OCRopus

From Wikipedia, the free encyclopedia

This article or section contains information about computer software currently in development.
The content may change as the software development progresses.

OCRopus
Developed by	Thomas Breuel, DFKI
Latest release	0.1.1 / December, 2007
Written in	C++ and Lua
OS	Linux
Genre	Optical character recognition
License	Apache License v2.0
Website	http://code.google.com/p/ocropus/

OCRopus is a free document analysis and OCR system released under the Apache License, Version 2.0 with a very modular design through the use of plugins. These plugins allow OCRopus to swap out components easily. OCRopus is currently developed under the lead of Thomas Breuel from the German Research Centre for Artificial Intelligence in Kaiserslautern, Germany and is sponsored by Google. OCRopus is currently available only for Linux.

1 How it works
2 History
3 Usage
4 See also
5 References
6 External links

[edit] How it works

OCRopus is an OCR system that combines pluggable layout analysis, pluggable character recognition, and pluggable language modeling. It aims primarily for high-volume document conversion, namely for Google Book Search, but also for desktop and office use or for vision impaired people.
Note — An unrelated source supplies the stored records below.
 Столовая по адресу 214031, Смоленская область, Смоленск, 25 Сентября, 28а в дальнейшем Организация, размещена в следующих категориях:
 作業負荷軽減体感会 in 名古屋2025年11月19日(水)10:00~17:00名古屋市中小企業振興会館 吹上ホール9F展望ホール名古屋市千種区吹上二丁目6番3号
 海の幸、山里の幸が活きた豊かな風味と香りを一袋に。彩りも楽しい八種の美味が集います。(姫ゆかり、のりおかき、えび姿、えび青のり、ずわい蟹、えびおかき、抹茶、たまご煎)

Currently, OCRopus uses Tesseract as its only character recognition plugin, but others are expected to be added in the future. This is especially useful in expanding functionality to include additional languages and writing systems. OCRopus also contains disabled code for a handwriting recognition engine which may be repaired in the future.

OCRopus itself does image preprocessing and layout analysis; it chops up the scanned document before passing it to Tesseract for line-by-line or character-by-character recognition.
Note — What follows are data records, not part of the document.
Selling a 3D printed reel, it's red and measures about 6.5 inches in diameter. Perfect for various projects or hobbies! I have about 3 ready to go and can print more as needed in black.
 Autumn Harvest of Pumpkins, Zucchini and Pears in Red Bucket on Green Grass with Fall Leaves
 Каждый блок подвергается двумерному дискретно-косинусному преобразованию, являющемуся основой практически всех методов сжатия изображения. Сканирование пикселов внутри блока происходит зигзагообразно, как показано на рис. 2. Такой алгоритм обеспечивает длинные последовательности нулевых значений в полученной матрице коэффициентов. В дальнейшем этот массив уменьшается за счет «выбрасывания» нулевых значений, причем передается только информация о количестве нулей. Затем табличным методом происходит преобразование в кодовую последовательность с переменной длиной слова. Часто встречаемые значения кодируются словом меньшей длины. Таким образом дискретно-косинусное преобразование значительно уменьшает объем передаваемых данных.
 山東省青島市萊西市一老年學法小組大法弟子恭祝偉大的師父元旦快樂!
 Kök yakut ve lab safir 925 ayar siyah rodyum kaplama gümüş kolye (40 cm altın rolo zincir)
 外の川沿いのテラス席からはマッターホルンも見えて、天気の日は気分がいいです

As of the alpha release, OCRopus uses the language modeling code from another Google-supported project, OpenFST.^[1].

[edit] History

Release history:^[2]

Initial announcement - 9 April 2007^[3]
0.1.0 - Alpha - 22 Oct 2007
0.1.1 - 14 Dec 2007 - Improved build system
0.2 - Alpha 2 - 31 May 2008^[4]
Beta - Scheduled for August 2008 - Commercial-quality accuracy for books and journal articles^[5]
1.0 - Scheduled for Q3 2008 - Packaging for additional operating systems, GUI

[edit] Usage

Currently OCRopus can only be used from the command line. Once installed, it can be invoked by specifying the input images. It will output hOCR HTML code to standard out. If more precise control is needed, options can be specified on the command line to perform specific operations (e.g. recognizing a single line).